The Centre for Evidence-Based Medicine develops, promotes and disseminates better evidence for healthcare.

September 21, 2018

**Looking for the truth about sample size in clinical trials.**

“The average power of a clinical trial is only 9%, according to a recent analysis.”

Richard Stevens, Course Director, M.Sc. in EBHC Medical Statistics

I always keep an eye out for papers by Paul Glasziou; this month, it led me to a remarkable paper by Herm Lamberink and colleagues, looking at sample size and statistical power (whether the sample size is big enough) in clinical trial from 1975 to 2014. The scope of this study is epic. The authors used resources from the Cochrane collaboration to study over 100,000 trials – aiming for every trial that has appeared in a Cochrane review, from the relevant time range.

The scale of the project is impressive, and an example of the kind of sweeping, comprehensive, meta-research that has become possible in an era of large databases and plentiful computing power.
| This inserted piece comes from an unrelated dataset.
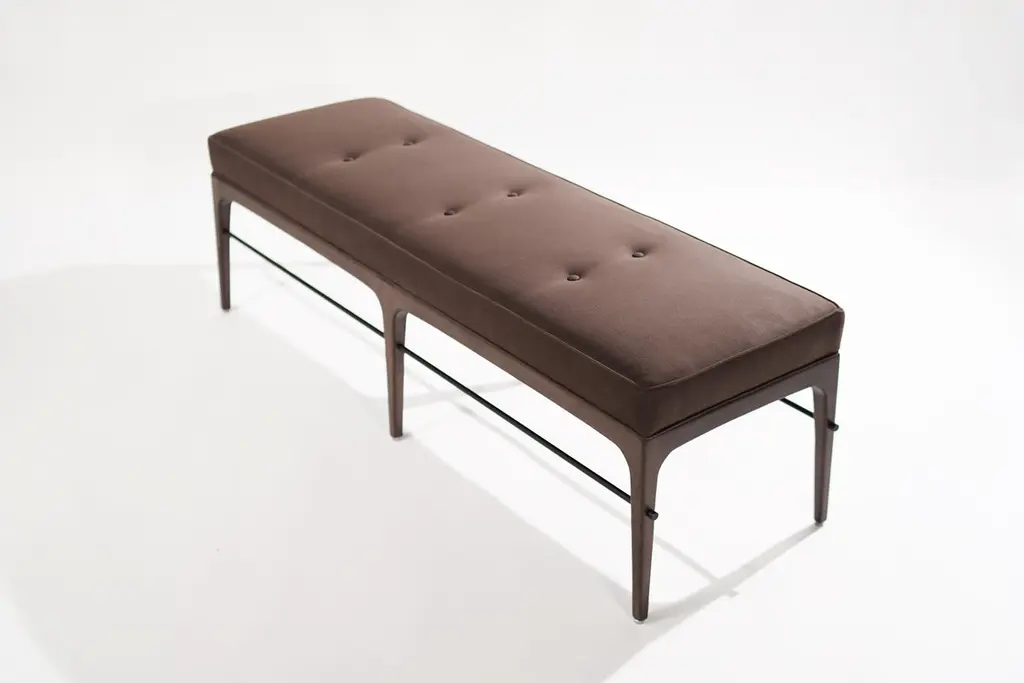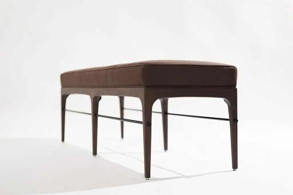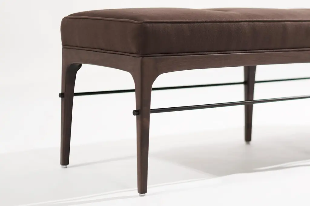 Inspired by Mid-Century Modern legend Edward Wormley, "The Linear Bench" embodies modern minimalism with clean lines and a sturdy metal stretcher.Explore our seven wood finishes and four metal options by reviewing all the images in the listing.Production lead time: 10–12 weeks. Priced as shown. Available COM only (4 yards). Contact us to discuss customization options.Experience the fusion of simplicity and sophistication with "The Linear Bench." Elevate your space with contemporary elegance.
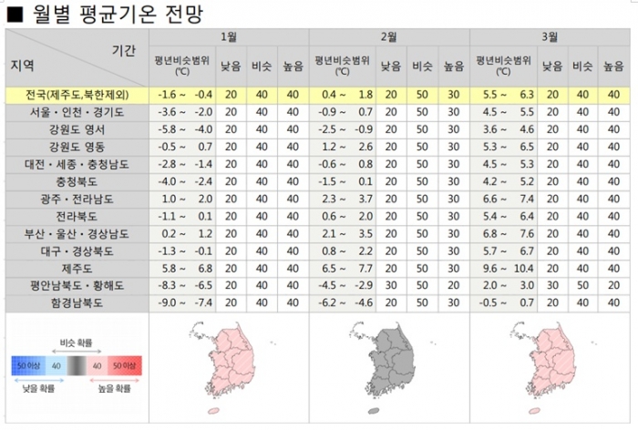 (월평균기온) 평년(-1.6~-0.4℃)과 비슷하거나 높겠다.

But what really caught my eye was the findings. The authors estimate that the average power of a clinical trial is only 9%.

When teaching statistics to clinicians on our M.Sc. courses, we describe statistical power as “the chance that a clinical study succeeds in finding an effect”, or more strictly, the chance that it finds an effect, if we are right about the effect. In the Study Design course we emphasize that we can only estimate power; and we can only estimate the power while making an assumption about the effect. So, for example, if we design an intervention study to have 85% power, when we unpack the jargon we mean that *if* we have correctly guessed the true effect of the intervention, *then* there is an 85% chance that the study will succeed in demonstrating it. That means that there is still a 15% chance that the study will “fail”, ending with an inconclusive result, even if we are right about the effect size.

The method of Lamberjink and colleagues was to wait until a systematic review has been conducted on each intervention. Then, taking the result of each systematic review to be the true effect size, they looked back at the individual trials in each review to ask, was their sample size big enough? Did the sample size, in that trial, give a high chance (power) that the study would succeed? (There are great pitfalls in carrying out a power calculation retrospectively, but this method is safe enough.)

When designing a study we usually aim for a power of 80%, 90% or even 95%. Of course we want the chance a study to succeed to be high, but the benefits of higher sample sizes have to be traded off against cost and practical considerations. If Lamberjink and colleagues are correct that the average power is only 9%, then most studies are doomed to “failure” – or at least, doomed to an inconclusive result. The estimate from their secondary analysis is 20% and I happen to think this is more relevant – see the paper for details – but still very low.

Should we be worried that so many trials have such low power? I’m not as worried as the authors, following a discussion with my colleagues in the statistics team here. Lamberjink et al. argue that ideally, every trial should be interpretable in isolation. Perhaps that’s the ideal but I don’t think it’s achievable. My colleagues from the trials unit point out that it’s perfectly reasonable that phase I and phase II clinical trials would have low power for many outcomes, but are still an essential step towards safely the definitive trial. Similarly, my own experience is that is often a good use of resources to conduct a pilot trial or a feasibility study, in a modest number of patients, before asking a funder to commit to the huge cost of a fully-powered trial. It is also possible that some studies will be well-powered for one clinical outcome, but not for another, which may be the outcome in the review. The authors allude to this briefly in the paper, but are not convinced. I think it is entirely possible that a study has been designed to have adequate power for some continuous outcome such as blood pressure, but not for a “clinical event” outcome such as heart attack or stroke. Of course, this example also illustrates that often the continuous outcomes are less directly relevant to patients than hard clinical events.)

Another summary of the data in the Lamberjink paper is that 12% of studies (one in eight; taken from row 2 of Table 1) have power above 80%. Perhaps, in the light of my colleagues comments about early phase studies, pilot studies and secondary endpoints, that isn’t so bad.

*Richard Stevens is director of the M.Sc. in EBHC Medical Statistics, Oxford’s part-time M.Sc. in statistics for people in full-time clinical practice.*

While there’s nothing wrong with a study with low power per session, it’s certainly apparent that there is an enormous disconnect between the measured power of trials and the frequency with which positive results are being reported. If we accept an environment where we accept trials with a 9% power and 95% confidence, we’re guaranteeing that a large portion of reported significant outcomes are in fact spurious. This is compounded by issues with the regulatory approval process at the FDA whereby drugs are coming to market based in interim and subgroup analysis of surrogate outcomes. Mathematically these trials may be sound, but in the context of our current systems it is extremely hazardous.